Flight Lieutenant Daniel Garnett at the point in the 250 km-long demilitarized zone where South and North Korean soldiers used to stand face to face armed with automatic rifles. Photo /Supplied
A former Katikati resident and a senior NZ Defence Force officer is a regular caller to North Korea using a special hotline from the heavily militarised border with South Korea.
NZ Defence Force Flight Lieutenant Daniel Garnett said he called North Korea on the hotline at least twice a day.
"We conduct phone checks with the North Korean side twice a day and I regularly pass on or receive messages from them via the hotline," Garnett said.
He was also the assistant joint duty officer in the United Nations Command Military Armistice Commission Secretariat.
"Our team talks to them all the time, though we send a lot more messages than we receive," Tauranga-born Garnett, who grew up in Katikati, said.
Regarded as a bellwether of inter-Korean relations, the North Korean hotline at Panmunjom, the truce village inside the demilitarised zone was reactivated in mid-2018 following the warming of relations between the once-hostile neighbours.
Before that North Korea had not answered the hotline for more than five years, in retaliation for the United Nations sanctions imposed on Pyongyang following a nuclear test on February 2013.
Since posted to South Korea last October, Garnett said he had passed on messages informing North Korea of the use of helicopters in the Demilitarised Zone, repatriation of remains of North Korean troops killed during the Korean War.
Messages were also about meetings and routine building maintenance at the border.
Garnett said the calls were scripted and messages relayed in English and Korean.
Because they spoke often, Garnett and the Korean People's Army (North Korean) language specialists now recognised each other's voices.
"We know each other's names," he said.
"Some are friendlier than others – one greeted me with 'Happy New Year' in January."
Once, when the phone line was down, Garnett had no choice but to pass the message "the old way".
This meant walking to within a metre of the demarcation line that splits South and North Korea, reading out the message in English and letting a translator read it in Korean.
Garnett was based at Camp Bonifas, a UN Command military post 400m south of the southern boundary of the Demilitarised Zone.
He was part of a six-member team that monitored the 1953 Korean Armistice Agreement between North and South Korea at the Joint Security Area in the zone.
As part of his role, he helped supervise access to the Joint Security Area at Panmunjom.
"New Zealand gets an incredible degree of exposure through this mission since we fill several roles and interact with a wide range of stakeholders.
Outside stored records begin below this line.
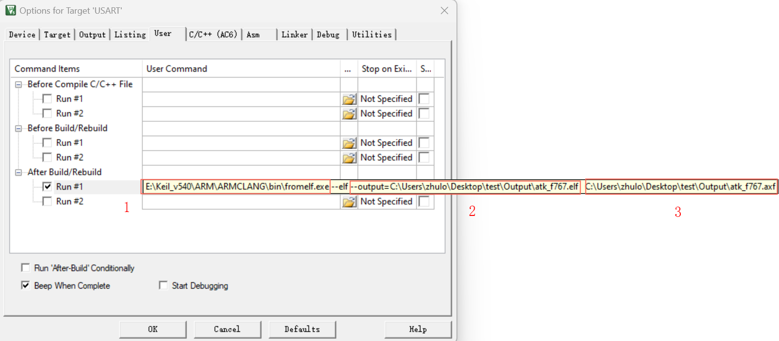2)、在User界面选择“After Build/Rebuild”勾选“Run#1”, 在执行框内输入如下命令E:Keil_v540ARMARMCLANGbinfromelf.exe --elf --output=C:UserszhuloDesktoptestOutputatk_f767.elf C:UserszhuloDesktoptestOutputatk_f767.axf
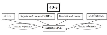 Рис. Таким образом, в конце сороковых годов окончательно оформились два стиля, определявших впоследствии лицо молодежных субкультур - карибский, стиль «черных» городских субкультур как и в Америке, так и в Великобритании; «вест» или «ковбойский», определивший пути «альтернативного» поиска большинства белых представителей молодежных субкультур. В развитии этих двух стилей выделились две тенденции - Dressing up и Dressing down. Первый характерен преимущественно для молодежных субкультур национальных меньшинств, и некоторых «белых», представляющих «рабочий» класс. В сороковые годы появляется такая черная субкультура, как «зут» - ярчайший пример Dressing up. Вторая тенденция для «люмпенских» субкультур подчеркивала, прежде всего, свою исключительность и самодостаточность: появляются байкеры - самая обособленная и замкнутая из молодежных субкультур, и может поэтому самая «живучая». На границе «ковбойского» и «карибского» стилей, параллельно им существовавших субкультурных полукриминальных миров негритянских гетто, белых рабочих кварталов и злачных мест, cкладывается мир хипстеров - тот «альтернативный» котел, из которого вышли немногим позднее все современные молодежные субкультуры. 2.2«Пороховой погреб» пятидесятых В 50-е годы по обе стороны Атлантического океана начала складываться массовая молодежная культура, появляется такое понятие как «тинэйджер». Подростки начинают делиться на две группы: (1) подростков, убаюканных возможностью потребления, запуганных холодной войной, следовавших моде своего времени (моде взрослых) и (2) подростков, которые стали образцами нового молодежного стиля, стиля улиц, их героями становятся Марлон Брандо, Джемс Дин, Элвис Пресли, подростки, которые выплескивали свои эмоции в переворотах рок-н-ролла, ночи напролет курили, спорили о битниках и экзистенциализме в джазовых погребках. Эти подростки начинают следовать моде молодежных субкультур 50-х годов, которые стали предвестниками последующих событий в развитии массовой молодежной культуры. Если к концу 40-х годов субкультуры слились в массовую культуру хипстеров, то в 50-е начинается процесс рассыпания субкультур, и появляются: «битники», «тедди бойз», «модернисты», «кантри», «рокабилли», «ton up boys», «серферы». 2.2.1Битники (BEATNIK). Разбитое поколение (BEAT GENERATION), (США) «То, что в 50-е было известно под словом "бит", десятилетием раньше звалось словом "хип"». Дословно «бит» переводится на русский язык как «разбитый», «раздавленный». Кроме того, удар, ритм в джазе тоже называют «бит». К середине 50-х годов ХХ столетия уже существовала и атомная и водородные бомбы, ядерное уничтожение становилось для человечества реальной возможностью. Поколение «бит» оказалось первым поколением молодых, которое, живя в обстановке мира ощущало постоянную угрозу смерти. Отсюда их стремление бежать от общества, от той техники, которая несла гибель. И они бежали. Истинное наслаждение битникам доставляло мчаться с бешеной скоростью на машине. Постепенно вырисовывается образ Дороги, Великого Путешествия - первая карта автостопа. Протестом против тепличного, стандартного счастья индустриальной городской американской цевилизации явился роман Джека Керуака «На дороге» (1957 года). Это не просто роман, а пропаганда мировоззрения, евангелие битничества. Содержание романа сводится к описан
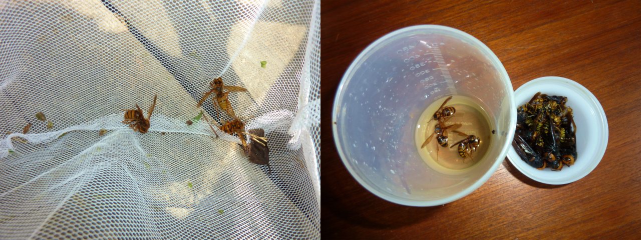 網で捕獲したスズメバチは、ジン漬けに。

It is very rewarding," he said.
In the latest sign of increasingly warm relations, Garnett said all weapons had been removed and all guard towers abandoned in the Joint Security Area.
This was the point along the 250km-long Demilitarised Zone, where South and North Korean soldiers used to stand face to face armed with automatic rifles, he said.
"Only 30 security personnel remain and we share security footage with the North Koreans. It is truly remarkable," Garnett said.
The United States-led UNCMAC Secretariat monitored and supervised the 1953 Armistice Agreement that suspended hostilities between North Korea and United Nations forces defending South Korea.
The NZDF had a long history of involvement in South Korea since the start of the war in 1950 and had contributed to the UNCMAC-S since 2003.
It had seven personnel there now, monitoring the armistice and performing operational, education, liaison and corridor control functions for the UNCMAC-S.
Flight Lieutenant Garnett joined the Royal New Zealand Air Force in 2013, after a short career in science, and was a pilot from No.3 Squadron
While his career had taken him elsewhere, he had never forgotten his earlier years in Katikati.
"It was a great place to grow up," he said. "While I'm thankful to friends and family who encouraged me to branch out and go to university, Katikati remains home."